Bu da gösteriyor ki sinema kitleleri bir araya getirmek ve onları yönlendirmek için
vazgeçilmez bir güç.Ayrıca müthiş bir ekonomik kaynak.En vasat filmler bile amerikaya
milyon dolarlar kazandırmakta.Avrupa bunu farketti ve holiwood'la tek tek baş
edemeyeceğini düşünerek AB seviyesinde birlik olarak Avrupa sinemasını ilerletme kararı
aldılar.
5.
İnsan elinden çıkmış en büyük ve en gösterişli yüzen araç olan
Titanic yola koyuldu. Batmaz, sarsılmaz denilen bu büyük lüks yolcu
gemisinde yolculuk yapmak, 20. Yüzyılın muhteşem bir rüyasıydı.

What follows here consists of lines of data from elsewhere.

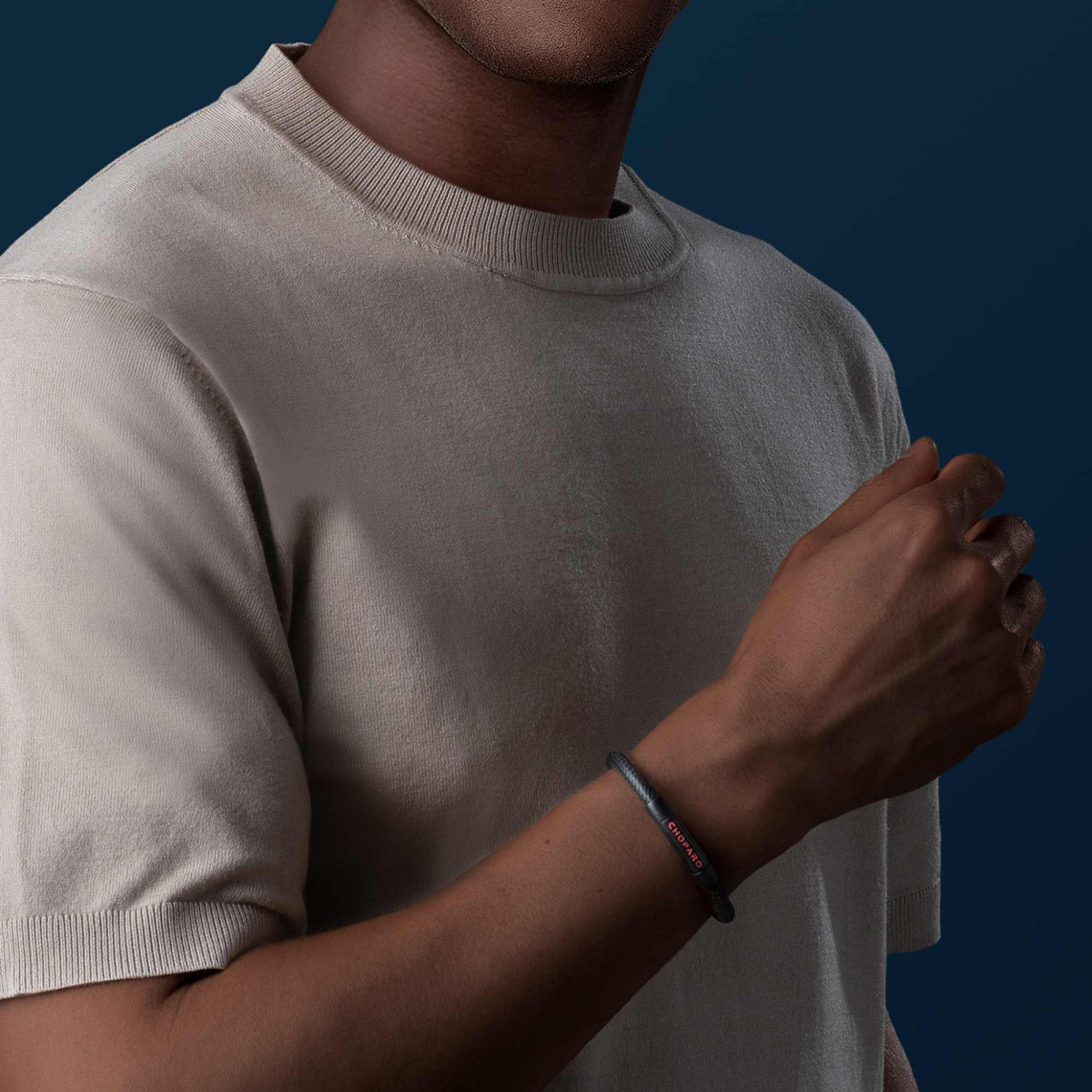 Ref. 95016-0225 - Das Dröhnen der Rennstrecke ist mit dem sportlichen Mille Miglia Armband an Ihrem Handgelenk nie weit entfernt. Es ist ein gekonntes Spiel mit den klassischen Rennwagen-Codes. Der schwarze Kautschuk mit Reifenprofil und die mattschwarze Schließe erhalten durch das rot lackierte Chopard Logo einen dynamisch maskulinen Look.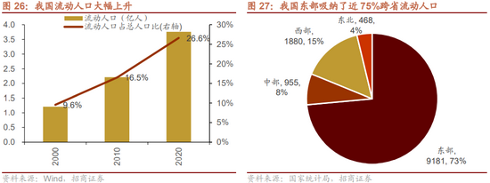 流动人口比例不断上升,且东部地区吸纳近75%跨省流动人口。2020年我国流动人口3.76亿人,占总人口比例为26.6%,10年间增长了将近70%。从流向上看,人口持续向沿江、沿海地区和内地城区集聚,长三角、珠三角、成渝城市群等主要城市群的人口增长迅速,集聚度加大。从四大地区来看,东部地区吸纳跨省流动人口9181万人,占比达到73.54%,中部地区吸纳955万人,占比是7.65%。西部地区吸纳1880万人,占比15.06%,东北地区吸纳468万人,占比3.75%。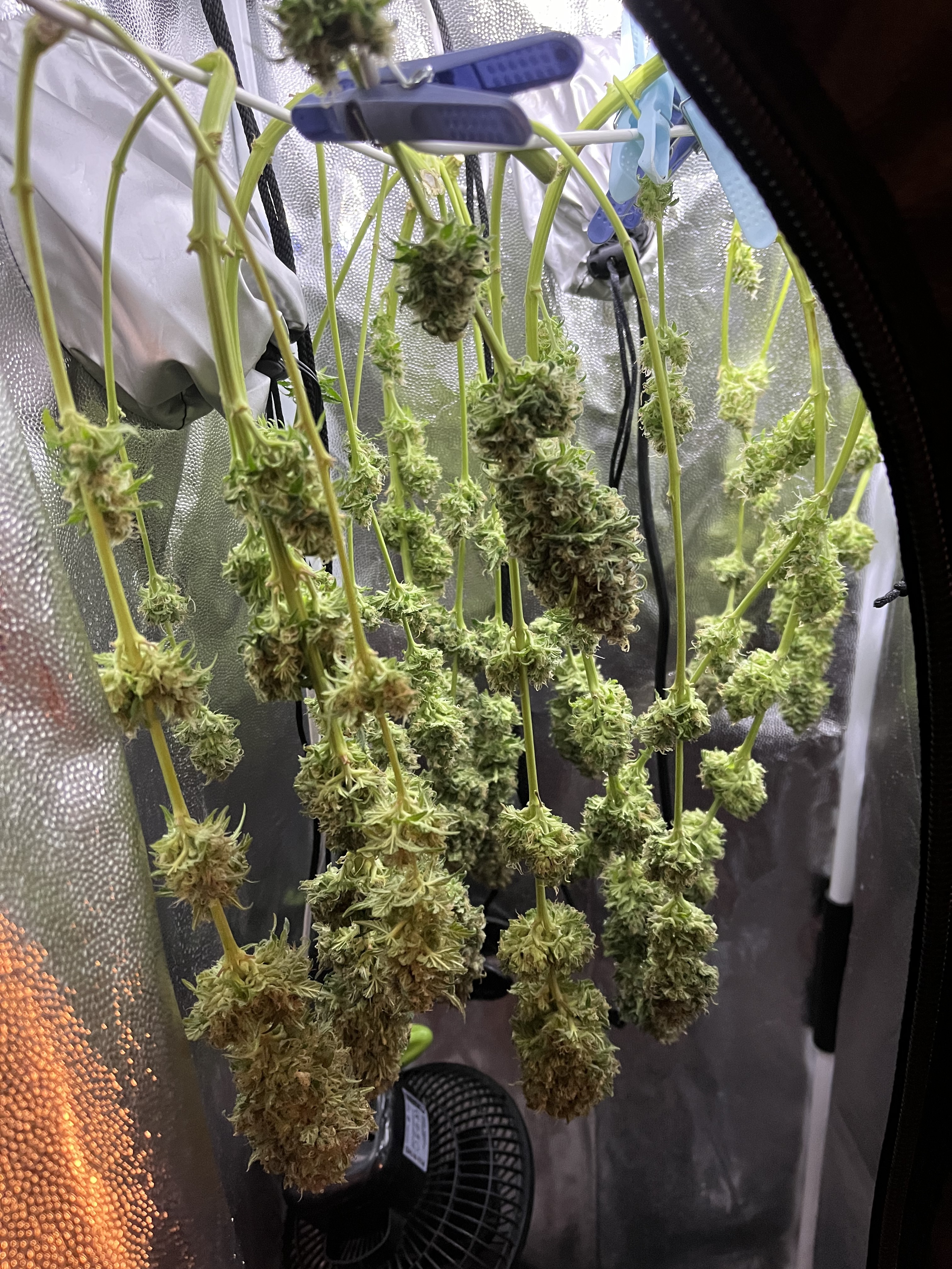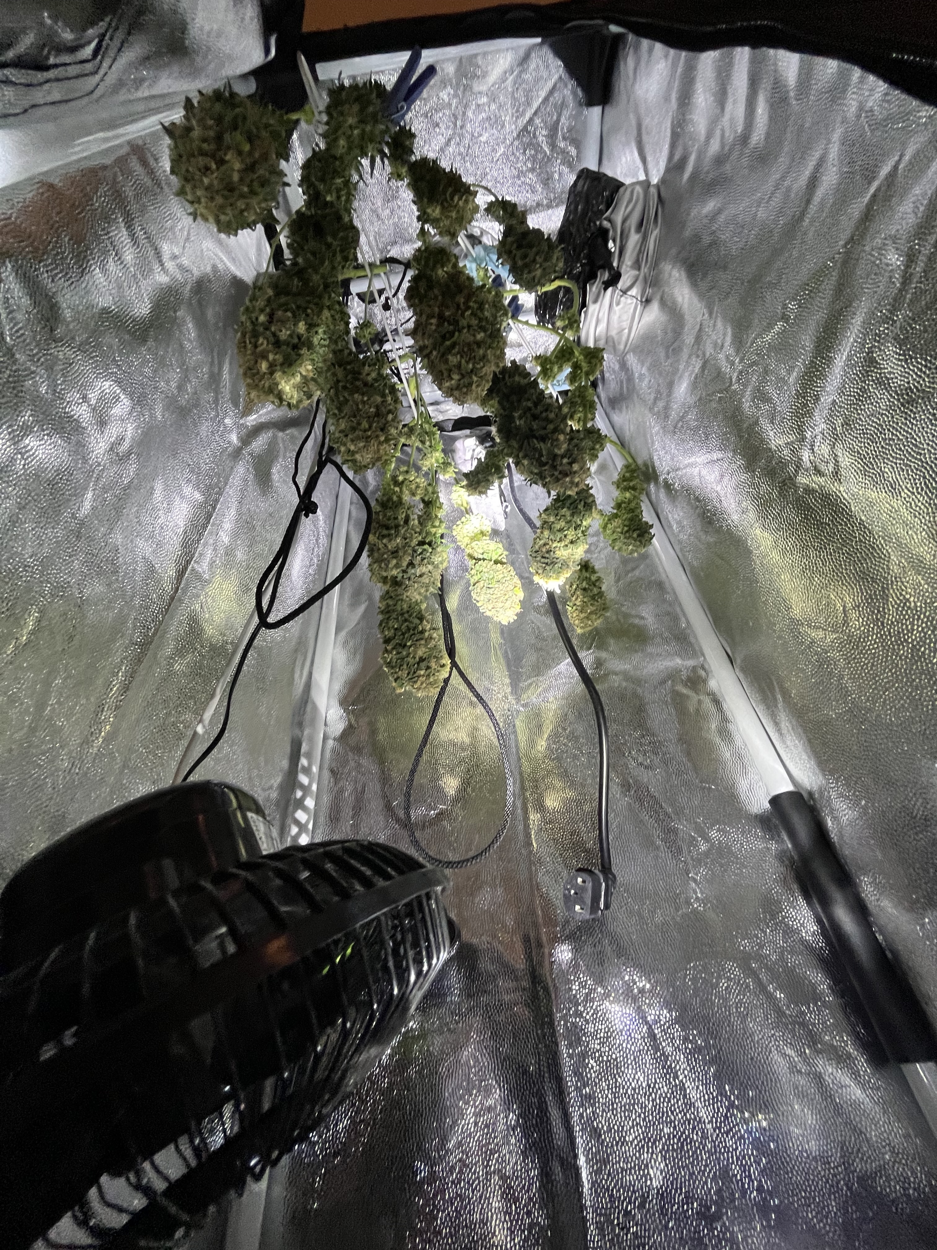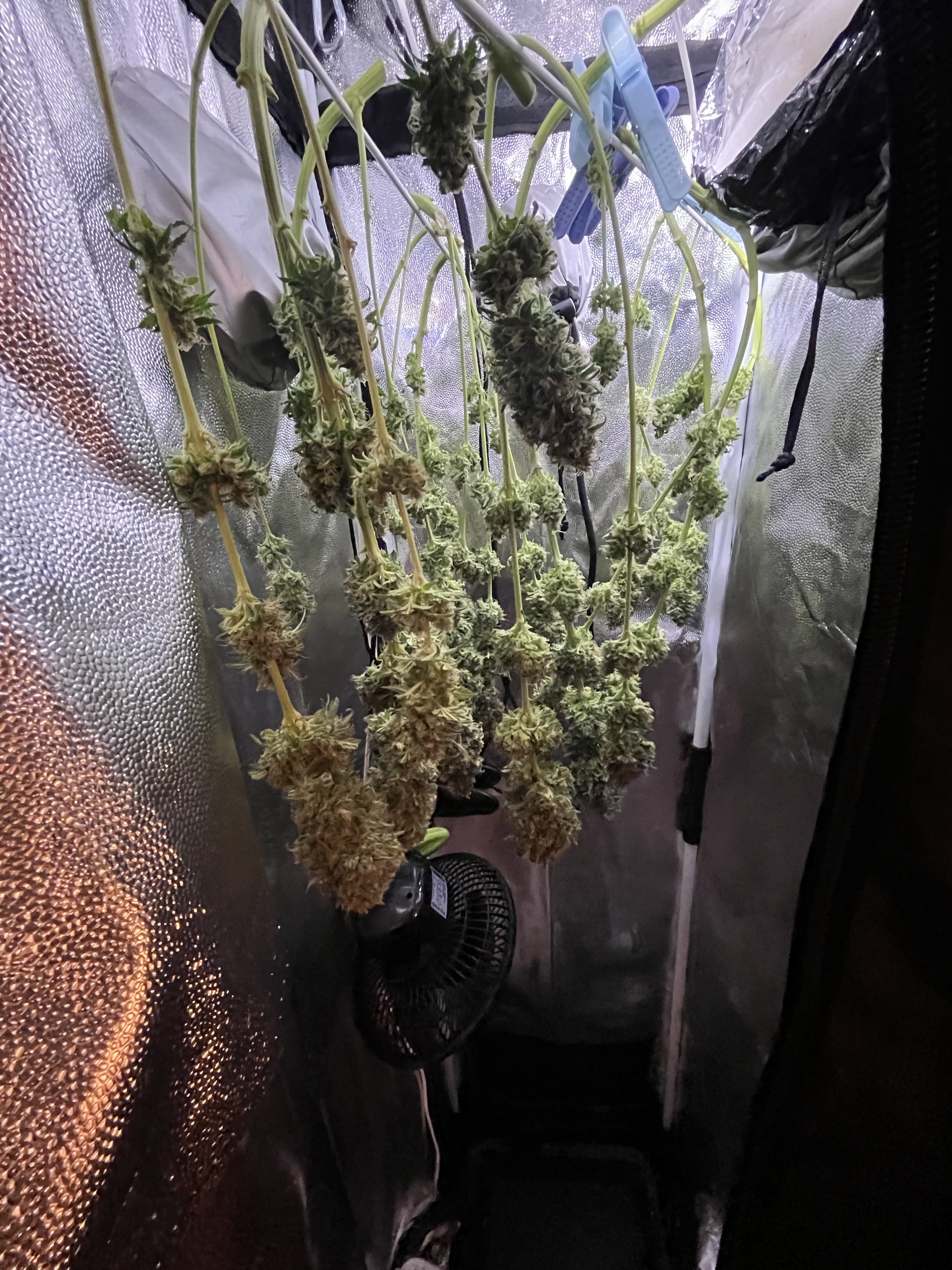 Ich werde wet-trimmen, das Licht sollte ab jetzt eigentlich aus bleiben und Wasser gibts jetzt auch keins mehr - habe das letzte mal vor vier Tagen gegossen, dass passt also ganz gut. Ernten werde ich Sonntag, solange bleibt es dann auch dunkel.

Ancak bu büyük rüya sadece 4.5 gün serecek ve anısını bir sonraki
yüzyıla bile taşıyacak büyüklükte bir kabusa dönüşecekti. İşte bugün
bile heyecan uyandıran bu acı ancak bir o kadar da sinematografik
felaket hikayesini bu kez James Cameron'un yönetiminde ve sinema
tarihinin gördüğü en büyük bütçeyle gerçekleştirilmiş son
versiyonuyla izliyoruz. Geminin ilk ve son yolculuğuyla örtüşen, kısa
soluklu ama ölümsüz bir aşk öyküsüne yer veren Cameron, Titanic
kadar büyük bir aşk öyküsü merkez alarak, bu bildik felaketi farklı bir
tarzda anlatmak istemiş. Aşıklar ise son dönemde yükselen yetenekli
genç oyuncular kuşağının öne çıkan isimlerinden Kate Winslet ve
Leonardo Di Caprio. 1998'de 14 dalda Oscar adayı olan Titanic, 11
dalda heykelcik kazandı dünyaca büyük bir felaket olan titanic
sinemadada felaket etkisi yaratmıştır.